Templeton also submits a story about a mother of four who has died of a toxic reaction to blue crabs. He claims the woman's sister is collecting for a fund to pay for the children's education.

When buyouts are announced at the paper, Templeton comments to his colleagues that he hopes they will get rid of some of the "dead wood" in the newsroom. Haynes is perturbed by the perceived insult to his friend, veteran police reporter Roger Twigg, who has accepted a buyout.

When Haynes gets news of a story about Police Commissioner Ervin Burrell's being forced to retire and replaced by Colonel Cedric Daniels, he offers the story to Templeton because of Twigg's impending departure. Templeton is not aware of Daniels, but Twigg recites a quick history of the subjects' careers and expresses an interest, so Haynes gives him the assignment, instead, and asks Templeton to canvass for react quotes to the story.

Templeton is seen not making phone calls and then submits an incredibly worded quote which he attributes to an anonymous source. Haynes is again dubious about the material and asks Templeton for his source. Templeton reluctantly credits the quote to City Council President Nerese Campbell and claims that Twigg is not the only skilled reporter in the newsroom. Haynes accepts the quote for the piece.

Templeton is pleased when he is offered an interview with The Washington Post and takes the day off to attend. When he first arrives he is eager to observe a budget meeting, but during the interview he becomes discouraged when his prose is described as overwrought, and he is unfamiliar with the stories that have most impressed the editors of the Post. They do not offer Templeton a position but do promise to keep his resume on file and ask him to reapply when he has more experience. As he leaves, Templeton's asked if he still wants to observe the budget meeting, but he now shows no interest in the meeting. Templeton returns to Baltimore disheartened.

Haynes asks Templeton to assist Bill Zorzi in catching them up on a missed story about a local corruption charges against State Senator Clay Davis. Templeton is assigned to contact State's Attorney Rupert Bond, and Haynes later praises his hard work in preparing the story in time for the next edition. Templeton admits to Gutierrez that he was unsuccessful in his job interview and reverses his position on The Sun, stating that it is not a bad paper.
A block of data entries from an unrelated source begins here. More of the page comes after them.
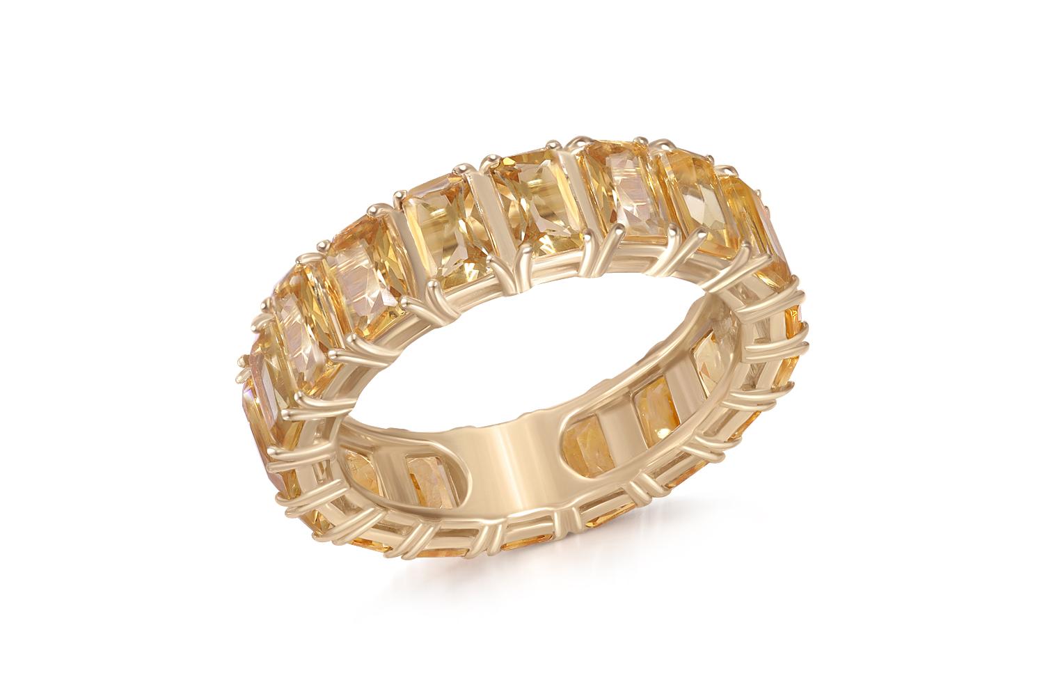 Изысканное кольцо-дорожка, выполненное из желтого золота, представляет собой истинный шедевр ювелирного искусства. Торжественно сияющие цитрины - 20 драгоценных камней изумительного медово-янтарного оттенка - огранены в прямоугольную форму и аккуратно закреплены в изящной металлической оправе.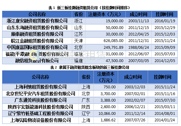 已挂牌新三板融资租赁公司达7家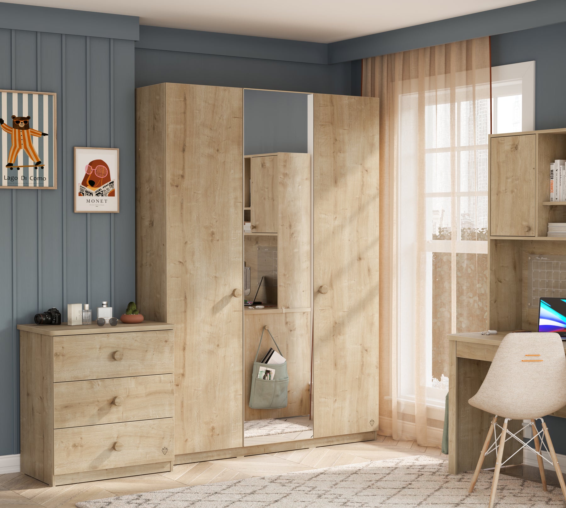 Mocha 3-dørs spejlskab

Haynes is briefly impressed by Templeton when he hits the streets and writes an excellent profile of a homeless Iraq War veteran who suffers from PTSD incurred when an IED hit his patrol unit in Fallujah, Iraq.
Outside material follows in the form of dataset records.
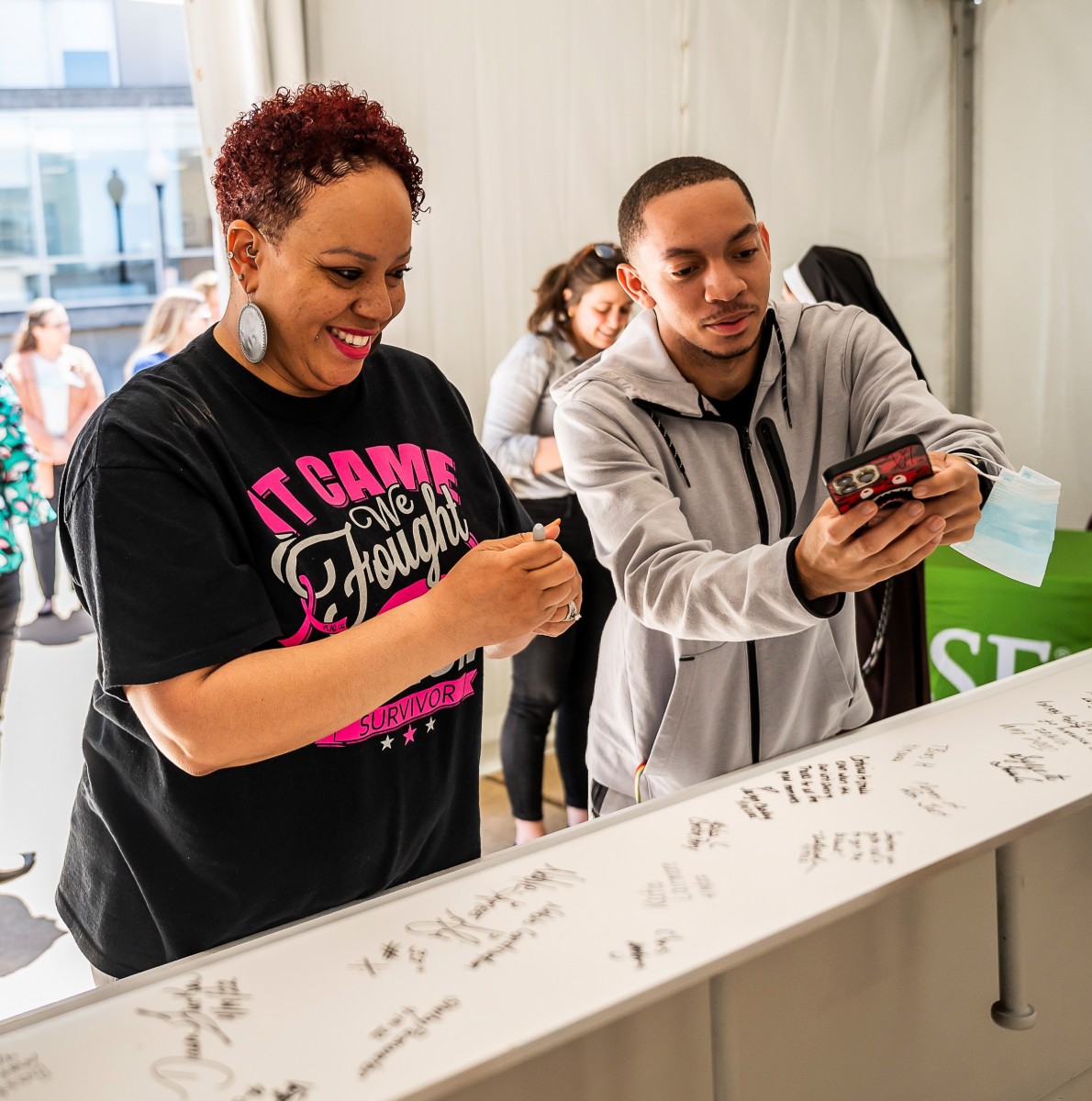 Volunteer Greeting Breast Cancer Survivors Signing Up For Charity Race ...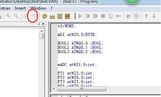 完成變量定義后便可在下方的編程界面開始編程了,下面為用ST編寫的簡單例程語句: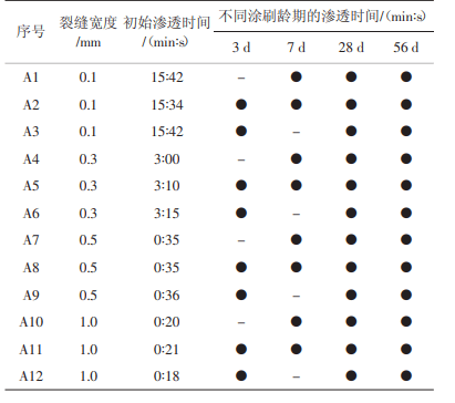 渗透结晶自修复法多采用在配制混凝土时加入渗透结晶型防水剂或在已成型混凝土表面涂一层渗透结晶型的防水涂料。此方法的原理是在混凝土中掺入含活性组分的渗透结晶材料,当混凝土发生开裂且渗水时,活性组分发生化学反应生成新的结晶物质,填充裂缝从而使混凝土密实达到自修复的目的。该方法的局限性在于在有水或湿度较高的环境易激发,受裂缝宽度限制。优点在于可多次修复,直到混凝土内渗透结晶材料逐渐被消耗殆尽。李国权等[3]研究了混凝土不同裂缝宽度、涂刷龄期及混凝土强度对水泥基渗透结晶型防水涂料自修复效果的影响,并改进修复方法。结果表明:迎水面1 mm以下裂缝宽度可完全不透水,有防水作用(见表1);背水面0.3 mm以下的裂缝宽度可以修复,且裂缝宽度越小、涂刷龄期越早,自修复越快效果越好。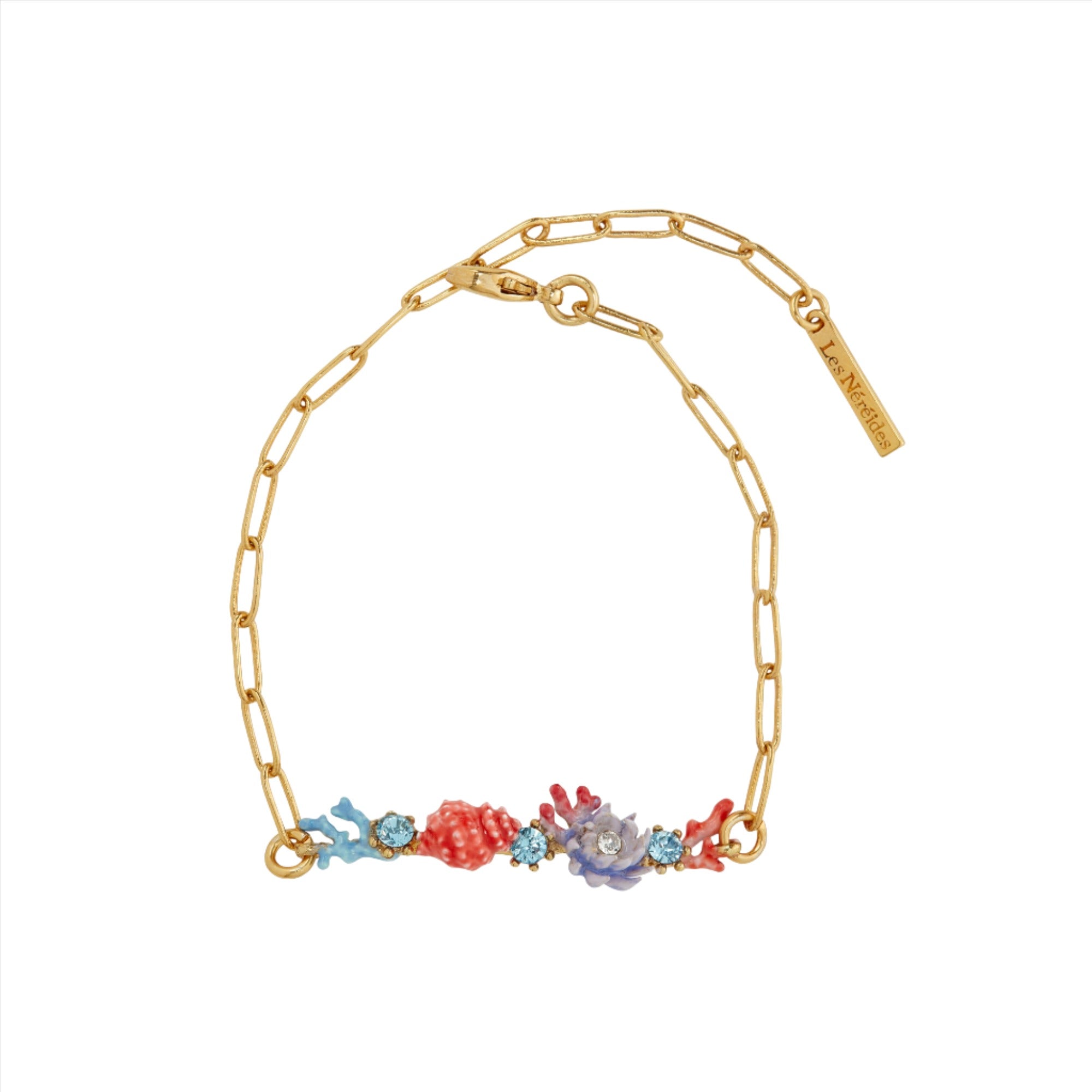 - Les Nereides Women's Seashell, enameled group corals and cut glass stone Bracelet.

Templeton also claims in the same episode to have checked on a fraud case, and Haynes later finds out Templeton's explanation for the story doesn't check out. The vet later comes in and says Templeton lied about his story as well, saying such things as the vet was in a Black Hawk Down-level firefight and saying they had coffee instead of chocolate milk.

Templeton says the vet has changed his story. To fact check it, Haynes goes to the Walter Reed Center in D.C. and talks to a wounded veteran who backs up the interviewed vet, saying he's not a liar.

Templeton continues to fabricate information for the fake serial-killer case which was actually hatched by McNulty to receive stronger government funding for his department. McNulty quickly catches on to Templeton's lies and privately tells him the truth before calling him out on his purposeless lies. In the end Haynes and Gutierrez both receive demotions for questioning Templeton's work and McNulty is forced to resign from police work, while Templeton wins a Pulitzer Prize for his "reporting" on the homeless in Baltimore.

==Origins==
Critics have stated that Templeton is based on reporter Jim Haner. In January 2000, Haner wrote a story which the Sun retracted several days later due to inaccuracies. Show creator and writer David Simon, a former Sun reporter, stated that he believed that Haner invented quotes and events without punishment from his editors. Haner's work was supported by past editors, including William Marimow.

The character also appears to reference some famous cases of journalists falsifying stories to advance their careers, such as Stephen Glass at The New Republic, Janet Cooke at the Washington Post, and Jayson Blair at The New York Times.